Menerima dan mengaminkannya sehingga terjadi dalam hidup kita. Kunci utamanya
adalah dengan percaya pada perkataan kebenaran. Sekalipun kita memperkatakan
kebenaran, namun kita tidak percaya, maka kita sendang menipu diri kita sendiri
atau kita sedang berlaku sebagai badut rohani yang suka bersandiwara. Kalau
kita mengaku dengan mulut, kita akan diselamatkanNya pada hari penghakiman. “Karena dengan hati orang percaya dan
dibenarkan, dan dengan mulut orang mengaku dan diselamatkan.” (Roma
10:10) Jadi perhatikan betapa dahsyatnya kuasa di balik perkataan kebenaran.
2. Marilah
kita menjadi teladan dalam perkataan. “…;
but be thou an example of the believers, in word, in conversation, in charity,
in spirit, in faith, in purity.” (KJV 1 Timoty:4:12). Rasul Paulus
mengingatkan agar sama seperti Timotius, kita juga harus menjadi contoh yang
benar dalam perkataan. Jangan lagi kita asal bicara sehingga kita menyemburkan
kata-kata yang sia-sia. Tetapi hendaklah kita mengeluarkan kata-kata yang benar
saja. Kata-kata yang berpadanan dengan firmanNya. Seorang hamba Tuhan yang tak
dapat dipegang perkataannya pasti tidak akan berhasil dalam pelayanan. Tinggal
menunggu waktu saja untuk melihat seseorang rubuh dan hancur jika perkataannya
tidak dapat dipertanggungjawabkan.
3. Terimalah
dengan percaya bahwa perkataan kebenaran yang kita sampaikan, akan bekerja dan
menjadi kenyataan. Maka akan ada sebuah kekuatan besar yang sedang bekerja di
alam roh ketiak dengan sepenuh hati dan p[ercaya kita memperkatakan kebenaran.
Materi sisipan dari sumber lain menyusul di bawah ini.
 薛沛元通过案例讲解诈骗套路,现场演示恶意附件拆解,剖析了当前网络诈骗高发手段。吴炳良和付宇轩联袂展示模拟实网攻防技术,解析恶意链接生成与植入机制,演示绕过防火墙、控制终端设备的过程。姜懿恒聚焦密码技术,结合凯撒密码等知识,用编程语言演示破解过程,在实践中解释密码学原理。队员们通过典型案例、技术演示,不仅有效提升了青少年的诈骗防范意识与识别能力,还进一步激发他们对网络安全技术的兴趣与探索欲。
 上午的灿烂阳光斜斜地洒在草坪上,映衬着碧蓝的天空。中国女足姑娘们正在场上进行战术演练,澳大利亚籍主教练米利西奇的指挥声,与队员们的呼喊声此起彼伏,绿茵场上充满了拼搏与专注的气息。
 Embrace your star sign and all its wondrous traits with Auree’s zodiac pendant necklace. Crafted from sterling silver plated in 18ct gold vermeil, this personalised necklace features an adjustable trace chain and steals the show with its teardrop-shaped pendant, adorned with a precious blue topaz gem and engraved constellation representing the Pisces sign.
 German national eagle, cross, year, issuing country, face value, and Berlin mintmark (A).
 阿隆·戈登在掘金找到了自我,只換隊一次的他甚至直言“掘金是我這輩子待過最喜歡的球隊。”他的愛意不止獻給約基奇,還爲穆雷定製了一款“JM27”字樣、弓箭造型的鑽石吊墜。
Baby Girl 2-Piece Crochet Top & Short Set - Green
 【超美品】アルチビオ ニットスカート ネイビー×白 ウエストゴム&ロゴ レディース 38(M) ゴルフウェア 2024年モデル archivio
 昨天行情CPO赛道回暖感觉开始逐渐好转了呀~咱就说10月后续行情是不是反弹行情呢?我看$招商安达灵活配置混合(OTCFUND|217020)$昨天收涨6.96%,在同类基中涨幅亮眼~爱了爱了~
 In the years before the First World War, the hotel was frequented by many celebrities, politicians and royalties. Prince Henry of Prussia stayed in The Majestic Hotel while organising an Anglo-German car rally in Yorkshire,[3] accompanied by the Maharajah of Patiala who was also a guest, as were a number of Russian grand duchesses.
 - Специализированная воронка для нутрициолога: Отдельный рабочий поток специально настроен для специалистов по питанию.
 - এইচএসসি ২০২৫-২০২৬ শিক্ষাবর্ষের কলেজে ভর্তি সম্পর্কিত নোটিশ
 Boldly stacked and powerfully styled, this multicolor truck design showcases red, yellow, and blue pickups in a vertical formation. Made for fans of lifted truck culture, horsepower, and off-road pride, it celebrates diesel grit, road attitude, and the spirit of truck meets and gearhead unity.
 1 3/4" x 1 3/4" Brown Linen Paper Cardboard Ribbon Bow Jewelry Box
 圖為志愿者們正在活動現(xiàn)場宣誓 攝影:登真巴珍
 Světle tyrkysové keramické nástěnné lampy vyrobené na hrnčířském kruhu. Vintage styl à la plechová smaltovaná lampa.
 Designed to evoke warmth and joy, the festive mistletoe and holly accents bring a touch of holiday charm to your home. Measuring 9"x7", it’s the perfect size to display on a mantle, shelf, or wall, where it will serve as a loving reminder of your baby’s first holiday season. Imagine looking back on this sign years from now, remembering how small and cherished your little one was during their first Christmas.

FirmanNya tidak akan kembali dengan sia-sia tetapi akan bekerja dan mengerjakan
kebenaranitu menjadi mukjizat. Maria pernah berkata kepada malaikat yang memperkatakan
kebenaran kepadanya: “Jadilah padaku seperti perkataanmu!” amin
Intisari bKhotbah
Gembala Sidang, Pdt. Joshua M. Sinaga, S.Th pada Ibadah Raya Minggu, 21 Mei 2006 di HN
Ministries Chapter Induk Semper Jakarta Utara.